<<<<

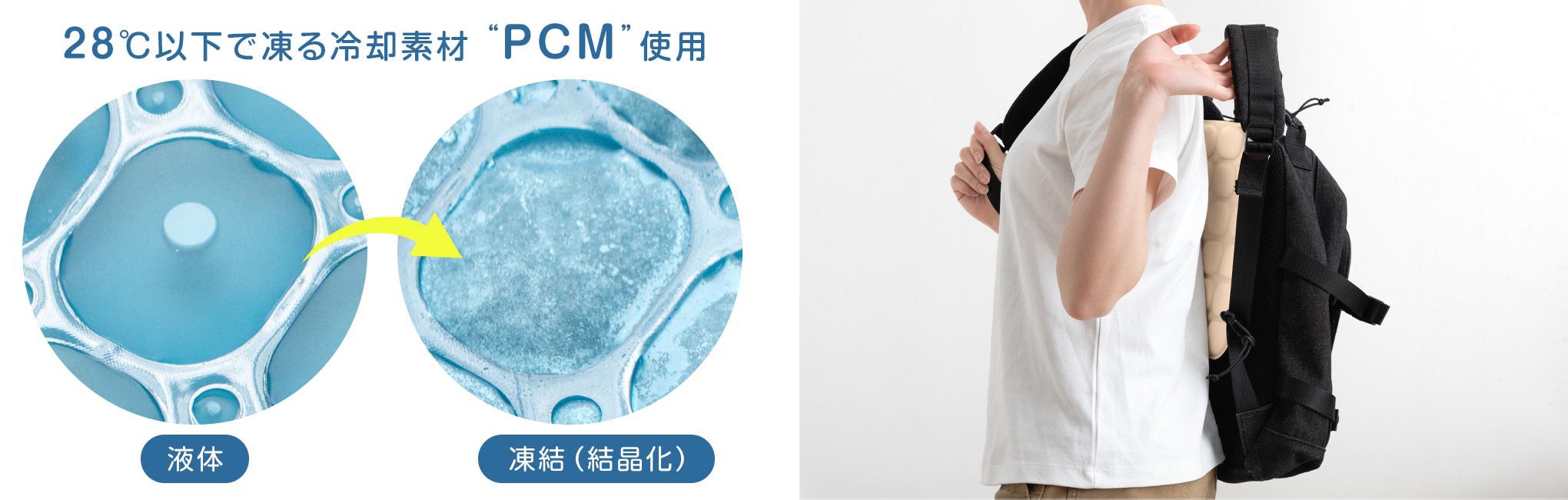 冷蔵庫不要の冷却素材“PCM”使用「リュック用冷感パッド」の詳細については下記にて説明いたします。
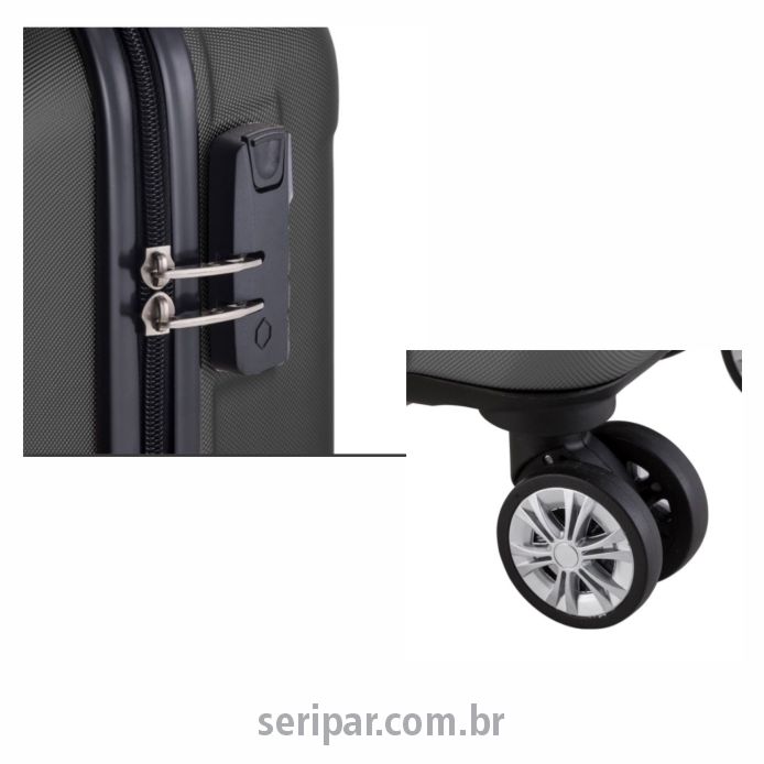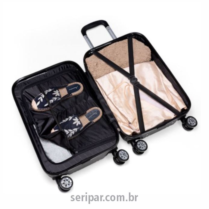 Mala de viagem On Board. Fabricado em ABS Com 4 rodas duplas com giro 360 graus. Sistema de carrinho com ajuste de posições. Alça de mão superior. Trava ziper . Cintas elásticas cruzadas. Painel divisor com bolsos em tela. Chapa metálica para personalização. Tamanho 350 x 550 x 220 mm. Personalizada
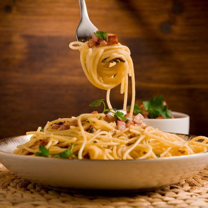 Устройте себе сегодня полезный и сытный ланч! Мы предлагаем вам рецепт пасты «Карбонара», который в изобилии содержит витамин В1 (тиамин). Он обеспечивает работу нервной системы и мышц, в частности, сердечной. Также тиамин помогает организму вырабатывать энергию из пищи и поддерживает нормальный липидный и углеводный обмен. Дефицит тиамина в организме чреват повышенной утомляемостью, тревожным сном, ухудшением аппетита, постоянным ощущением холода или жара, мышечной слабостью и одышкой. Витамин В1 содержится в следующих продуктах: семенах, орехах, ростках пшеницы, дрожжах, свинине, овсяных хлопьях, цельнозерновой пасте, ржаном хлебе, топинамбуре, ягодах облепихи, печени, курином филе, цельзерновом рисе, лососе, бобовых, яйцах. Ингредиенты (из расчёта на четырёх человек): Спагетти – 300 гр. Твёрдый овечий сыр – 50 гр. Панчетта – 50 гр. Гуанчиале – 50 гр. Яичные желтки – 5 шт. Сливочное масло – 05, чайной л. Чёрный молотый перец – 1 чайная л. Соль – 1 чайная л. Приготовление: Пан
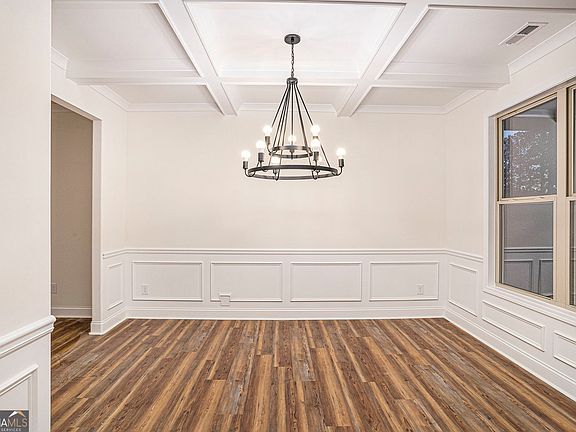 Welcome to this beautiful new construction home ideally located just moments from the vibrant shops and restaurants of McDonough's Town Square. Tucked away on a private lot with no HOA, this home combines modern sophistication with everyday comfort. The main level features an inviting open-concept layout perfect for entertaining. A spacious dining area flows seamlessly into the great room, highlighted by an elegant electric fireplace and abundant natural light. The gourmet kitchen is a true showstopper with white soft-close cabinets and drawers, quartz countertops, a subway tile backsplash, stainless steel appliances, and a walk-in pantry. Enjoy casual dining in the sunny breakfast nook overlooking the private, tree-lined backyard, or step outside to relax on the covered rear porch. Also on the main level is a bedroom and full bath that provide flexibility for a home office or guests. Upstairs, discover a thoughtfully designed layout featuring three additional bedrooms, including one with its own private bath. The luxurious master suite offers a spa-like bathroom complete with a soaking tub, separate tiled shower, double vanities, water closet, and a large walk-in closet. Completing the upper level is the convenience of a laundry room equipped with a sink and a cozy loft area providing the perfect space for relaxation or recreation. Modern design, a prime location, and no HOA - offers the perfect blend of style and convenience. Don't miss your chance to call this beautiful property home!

>>>>

WHAT YOU WILL DO>
In transcribing the listing, keep each word as it is and drop the pictures.

WRITTEN RESPONSE>
 冷蔵庫不要の冷却素材“PCM”使用「リュック用冷感パッド」の詳細については下記にて説明いたします。
 Mala de viagem On Board. Fabricado em ABS Com 4 rodas duplas com giro 360 graus. Sistema de carrinho com ajuste de posições. Alça de mão superior. Trava ziper . Cintas elásticas cruzadas. Painel divisor com bolsos em tela. Chapa metálica para personalização. Tamanho 350 x 550 x 220 mm. Personalizada
 Устройте себе сегодня полезный и сытный ланч! Мы предлагаем вам рецепт пасты «Карбонара», который в изобилии содержит витамин В1 (тиамин). Он обеспечивает работу нервной системы и мышц, в частности, сердечной. Также тиамин помогает организму вырабатывать энергию из пищи и поддерживает нормальный липидный и углеводный обмен. Дефицит тиамина в организме чреват повышенной утомляемостью, тревожным сном, ухудшением аппетита, постоянным ощущением холода или жара, мышечной слабостью и одышкой. Витамин В1 содержится в следующих продуктах: семенах, орехах, ростках пшеницы, дрожжах, свинине, овсяных хлопьях, цельнозерновой пасте, ржаном хлебе, топинамбуре, ягодах облепихи, печени, курином филе, цельзерновом рисе, лососе, бобовых, яйцах. Ингредиенты (из расчёта на четырёх человек): Спагетти – 300 гр. Твёрдый овечий сыр – 50 гр. Панчетта – 50 гр. Гуанчиале – 50 гр. Яичные желтки – 5 шт. Сливочное масло – 05, чайной л. Чёрный молотый перец – 1 чайная л. Соль – 1 чайная л. Приготовление: Пан
 Welcome to this beautiful new construction home ideally located just moments from the vibrant shops and restaurants of McDonough's Town Square. Tucked away on a private lot with no HOA, this home combines modern sophistication with everyday comfort. The main level features an inviting open-concept layout perfect for entertaining. A spacious dining area flows seamlessly into the great room, highlighted by an elegant electric fireplace and abundant natural light. The gourmet kitchen is a true showstopper with white soft-close cabinets and drawers, quartz countertops, a subway tile backsplash, stainless steel appliances, and a walk-in pantry. Enjoy casual dining in the sunny breakfast nook overlooking the private, tree-lined backyard, or step outside to relax on the covered rear porch. Also on the main level is a bedroom and full bath that provide flexibility for a home office or guests. Upstairs, discover a thoughtfully designed layout featuring three additional bedrooms, including one with its own private bath. The luxurious master suite offers a spa-like bathroom complete with a soaking tub, separate tiled shower, double vanities, water closet, and a large walk-in closet. Completing the upper level is the convenience of a laundry room equipped with a sink and a cozy loft area providing the perfect space for relaxation or recreation. Modern design, a prime location, and no HOA - offers the perfect blend of style and convenience. Don't miss your chance to call this beautiful property home!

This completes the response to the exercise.